在步骤1840，逆量化器模块814在处理器205的执行下，计算2的调整后的样本幅度次幂减1的值，以计算整数张量幅度(即，张量幅度＝2^{整后的样本幅度}-1)。减去1的值(以及在相应的步骤1630加上1的值)允许零值张量幅度相对于对数域的传播。处理器205中的控制从步骤1840前进到生成归一化张量值1850。At step 1840, the inverse quantizer module 814, under execution by the processor 205, calculates the value of the adjusted sample amplitude raised to the power of 2 minus 1 to calculate an integer tensor amplitude (i.e., tensor amplitude = 2 ^{rounded sample amplitude} - 1). The value of 1 subtracted (and the value of 1 added at the corresponding step 1630) allows for propagation of zero-valued tensor amplitudes with respect to the logarithmic domain. Control in the processor 205 proceeds from step 1840 to generate normalized tensor values 1850.

在步骤1850，逆量化器模块814在处理器205的执行下，将整数张量幅度除以2的幂因子(例如65536)，并且应用来自步骤1810的样本符号以产生归一化张量幅度。
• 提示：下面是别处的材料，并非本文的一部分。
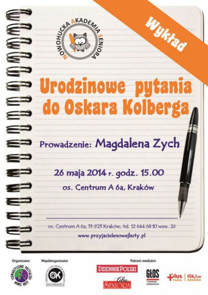 Stowarzyszenie Przyjaciół Nowej Huty oraz Ośrodek Kultury Kraków-Nowa Huta zapraszają 26 maja o godz. 15.00 na ostatni w tym roku wykład w Nowohuckiej Akademii Seniora poświęcony postaci Oskara Kolberga.

归一化张量幅度落在范围-1.0至1.0内。处理器205中的控制从步骤1850前进到应用量化范围的步骤1860。At step 1850, the inverse quantizer module 814, under execution by the processor 205, divides the integer tensor magnitude by a power of 2 factor (e.g., 65536) and applies the sample signs from step 1810 to produce a normalized tensor magnitude. The normalized tensor magnitude falls within the range -1.0 to 1.0. Control in the processor 205 proceeds from step 1850 to step 1860 where a quantization range is applied.

在步骤1860，逆量化器模块814在处理器205的执行下，将来自步骤1850的归一化张量幅度(其是浮点值)乘以特征图(其是元数据125和相关联的解码元数据155(这两者都与解码帧147相关)的一部分)的量化范围，以确定张量值，从而将张量值恢复到在量化器模块518的输入处看到的范围。一个或多于一个特征图的一个量化范围指定幅度，即，一个值表示在一个或多于一个特征图内看到的最大幅度，而不管这样的值是正还是负都是如此。然后，方法1800终止，并且处理器205中的控制前进到帧147中的下一样本。At step 1860, the inverse quantizer module 814, under execution by the processor 205, multiplies the normalized tensor magnitude from step 1850 (which is a floating point value) by the quantization range of the feature map (which is part of the metadata 125 and the associated decoded metadata 155 (both of which are associated with the decoded frame 147)) to determine the tensor value, thereby restoring the tensor value to the range seen at the input of the quantizer module 518. A quantization range for one or more feature maps specifies a magnitude, i.e., a value represents the maximum magnitude seen within one or more feature maps, regardless of whether such a value is positive or negative. The method 1800 then terminates and control in the processor 205 proceeds to the next sample in the frame 147.

在系统100的布置中，并且在泄漏修正线性(LeakyReLU)激活函数的输出处具有网络的分割(即CNN主干114和CNN头150之间的边界)，使用线性量化方案来量化负张量值，并且使用图15至图18的对数方案来量化正张量值。负值的线性量化保持了更高的精度，这可能有利于网络中的这种对抗(antagonistic)激励，而较大的正值不太需要保持精度。当线性量化用于负值并且对数量化用于正值时，使用两个独立的量化范围(即，负值的量化范围和正值的量化范围)允许以较小的量化范围值、且因此以较小的量化步长、且因此以较高的精度来表示通常较小的负幅度。In the arrangement of system 100, and with a split of the network at the output of a leaky rectified linear (LeakyReLU) activation function (i.e., the boundary between the CNN backbone 114 and the CNN head 150), negative tensor values are quantized using a linear quantization scheme, and positive tensor values are quantized using a logarithmic scheme of FIGS. 15 to 18. Linear quantization of negative values maintains higher precision, which may be beneficial for such antagonistic excitations in the network, while larger positive values are less likely to need to maintain precision. When linear quantization is used for negative values and logarithmic quantization is used for positive values, the use of two independent quantization ranges (i.e., a quantization range for negative values and a quantization range for positive values) allows typically smaller negative magnitudes to be represented with smaller quantization range values, and therefore with smaller quantization steps, and therefore with higher precision.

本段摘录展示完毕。